Detection of RPL-based Routing Attacks Using Machine Learning Algorithms


Aydın B., Aydın H., Görmüş S., Mollahasanoğlu E.

Dicle Üniversitesi Mühendislik Fakültesi Mühendislik Dergisi, cilt.15, sa.4, ss.783-796, 2024 (Hakemli Dergi)

Özet

This study analyzes various machine learning techniques for detecting attacks against Routing Protocol for Low-Power and Lossy Networks (RPL), a routing protocol commonly used in Internet of Things (IoT) applications. RPL is often employed in IPv6-based IoT applications that require low power consumption and limited bandwidth. The research reviews recent literature examining attacks on RPL-based networks and utilizes the ROUT-4-2023 dataset for detecting routing attacks. This dataset, created using the Cooja simulator, encompasses four types of routing attacks: Blackhole Attack, Flooding Attack, DODAG Version Number Attack, and Decreased Rank Attack.
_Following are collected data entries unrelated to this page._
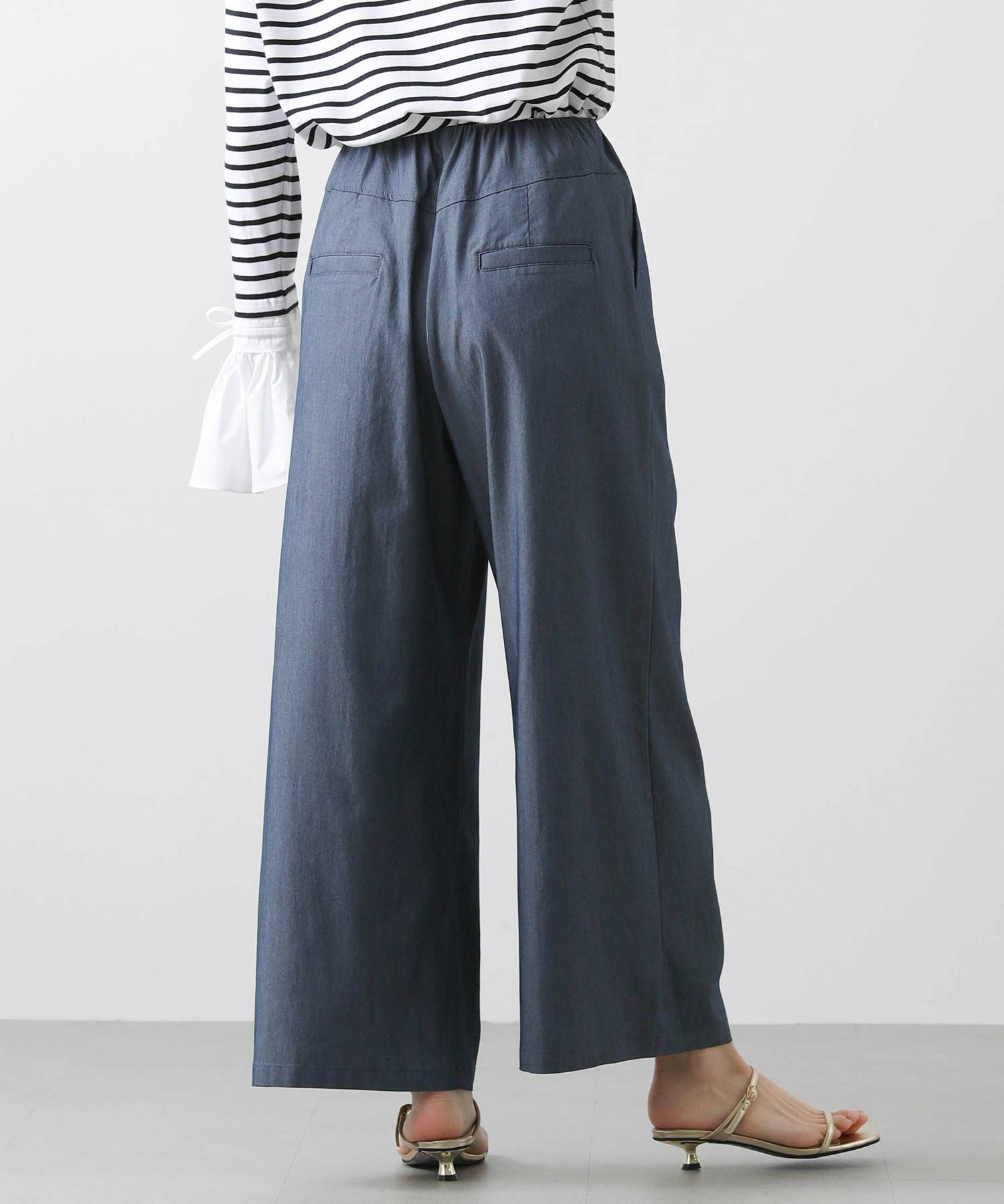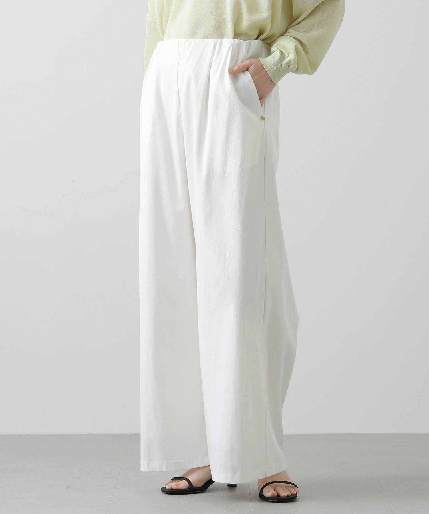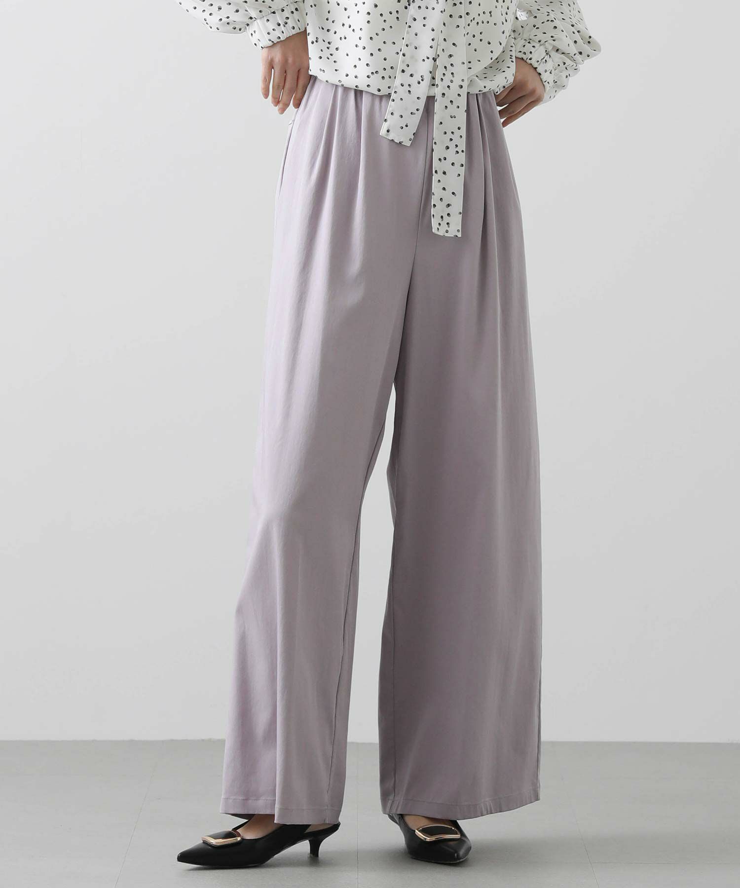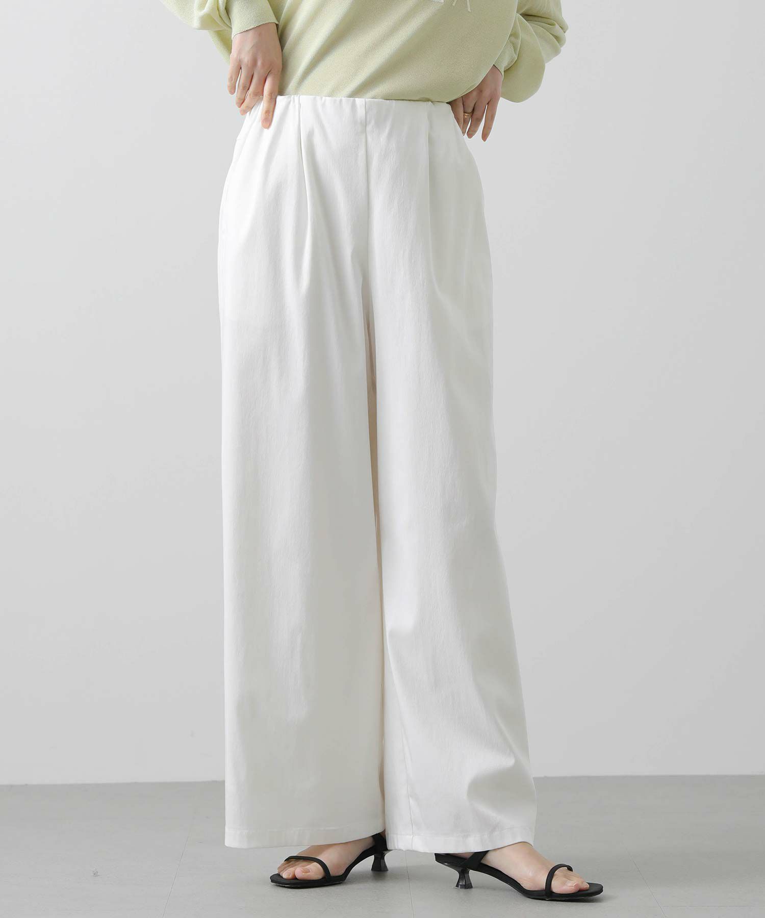 広がり過ぎないストレートシルエットが魅力のイージーセミワイドパンツ。さらりとした肌さわりの良い素材をチョイスし、きちんと感があるルックスながらリラクシーな履き心地です。
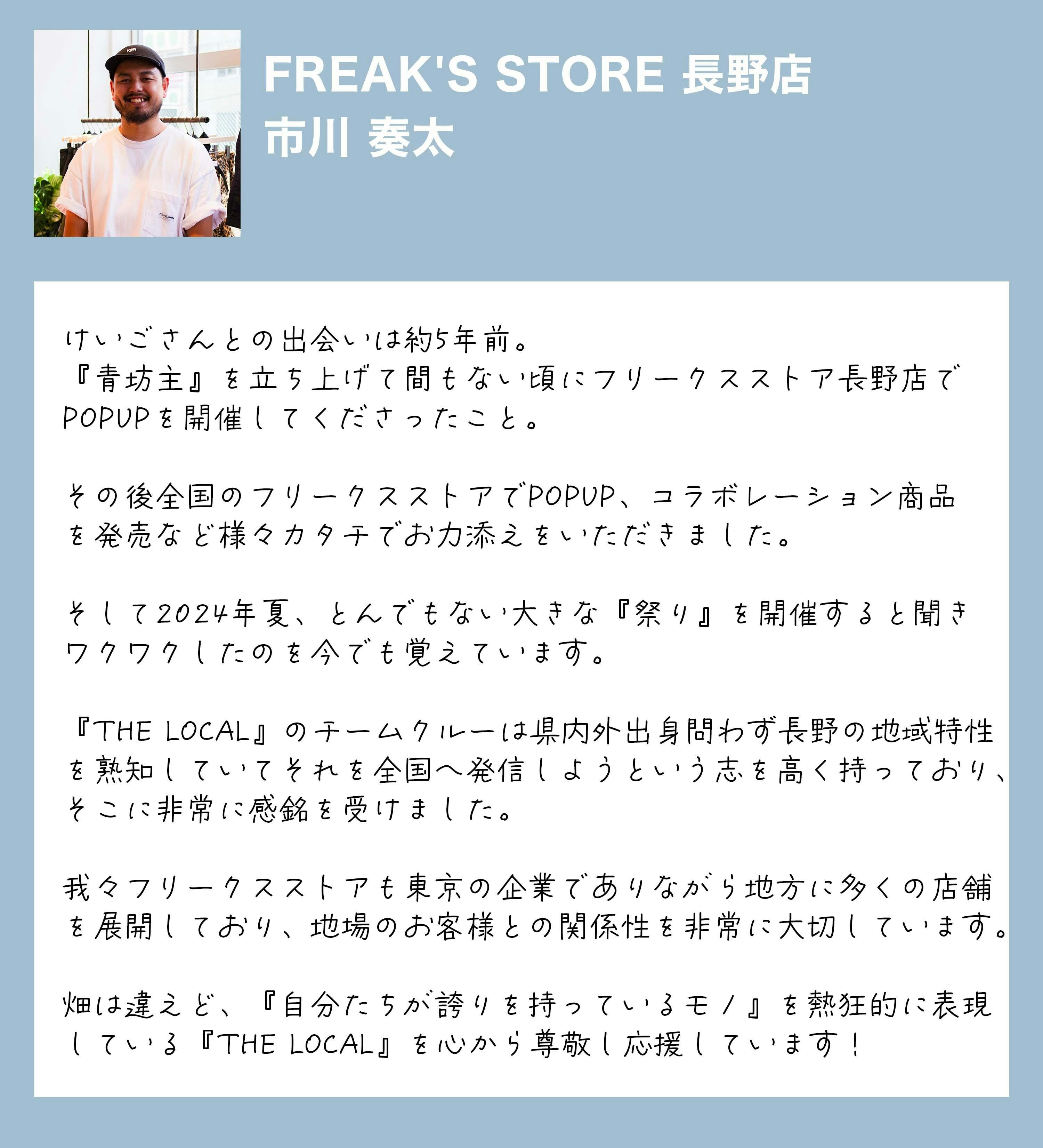 台風の影響で当日出店できなかった方も多くいましたが、「新しい出会い」という点で、県外の地元カルチャーを引っ張るお店が多く出店している点も、ルーツを県外に持ち、全国に活動の輪を広げてきたメンバーがいるTHE LOCALだからこそ実現できた面白さであったと自負しています。
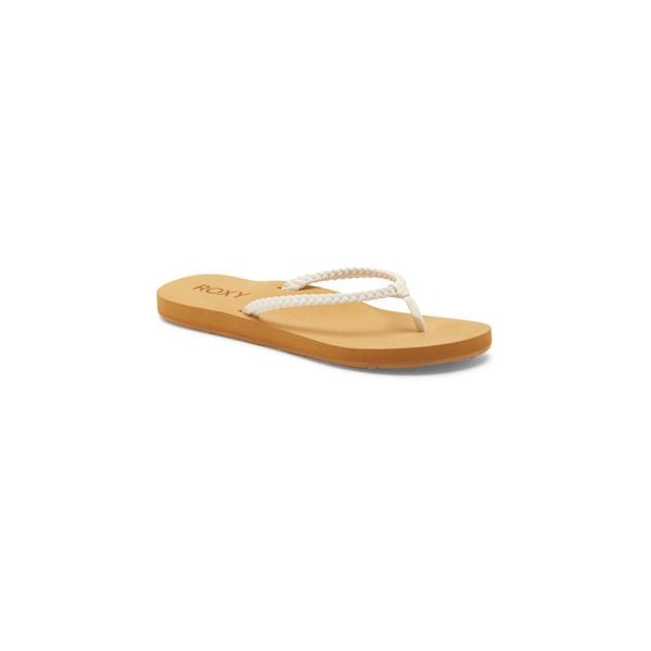 Klapki plażowe dla kobiet. Cechy produktu: Tkanina: wielowarstwowa syntetyczna skóra z plecionego materiału, Wkładka: miękka EVA z wyrytym napisem Roxy, Podeszwa: TPR z kwiatowym wzorem Roxy. Ocena: Tags: Sporty Surfing Buty plażowe Japonki plażowe Kolor: Biały Rozmiar: Przeznaczenie: female Marka: ROXY
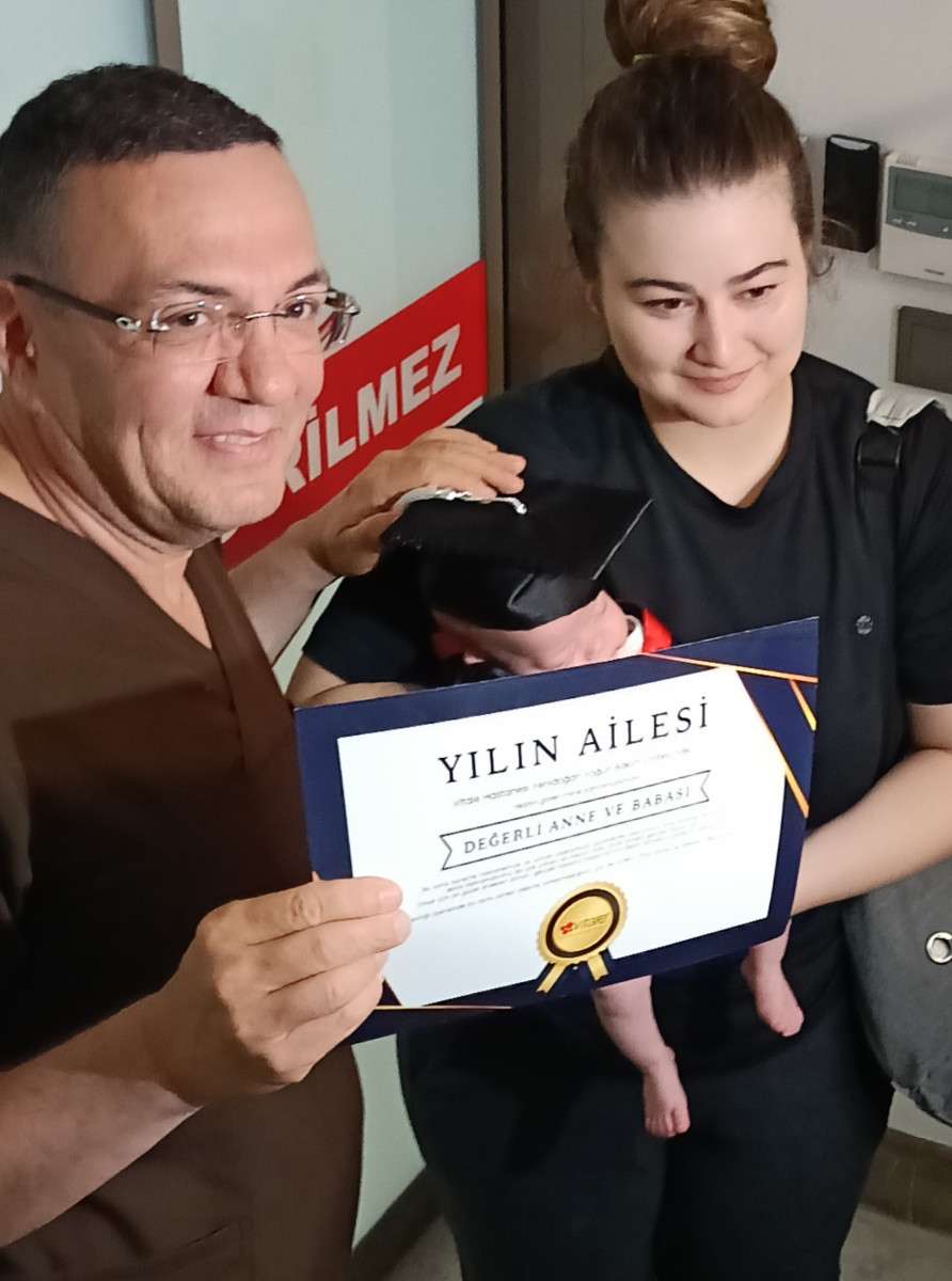"Mercan Çınar" adı verilen bebek, hastanenin yoğun bakımdan çıkan bebeklere yönelik uygulaması kapsamında, mezuniyet cübbesi ve kep giydirilerek taburcu edildi.
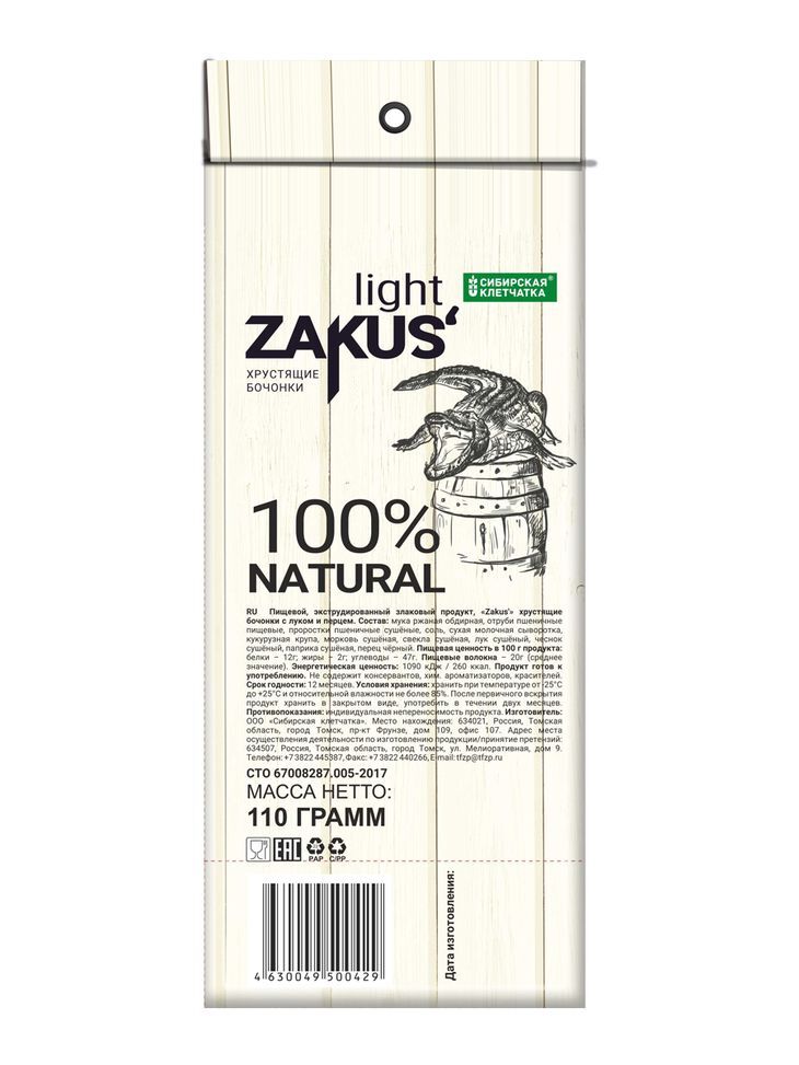 Порой хочется утолить голод чем-то ярким, острым, хрустящим, но останавливает состав подобных продуктов. Специально для таких случаев мы выпустили полезный ZAKUS' с луком и перцем. Полностью натуральные "хрустящие бочонки", обладающие соблазнительным вкусом и рядом неоспоримых преимуществ. Комментарии к товару

The attack types are detected using machine learning techniques. In the combined dataset, the Decision Tree and Bagging algorithm exhibited the highest performance with a 99.99% accuracy. To create a more accurate representation of the real world, we incorporate a 10% level of noise into the dataset. On the noisy dataset, Random Forest algorithm performed the best with about 84.80% accuracy. The high accuracy show that the employed methods can be effectively used as an Intrusion Detection System (IDS) to protect IoT networks. As a result, this study demonstrates that machine learning techniques offer a promising approach for detecting routing attacks in the RPL protocol.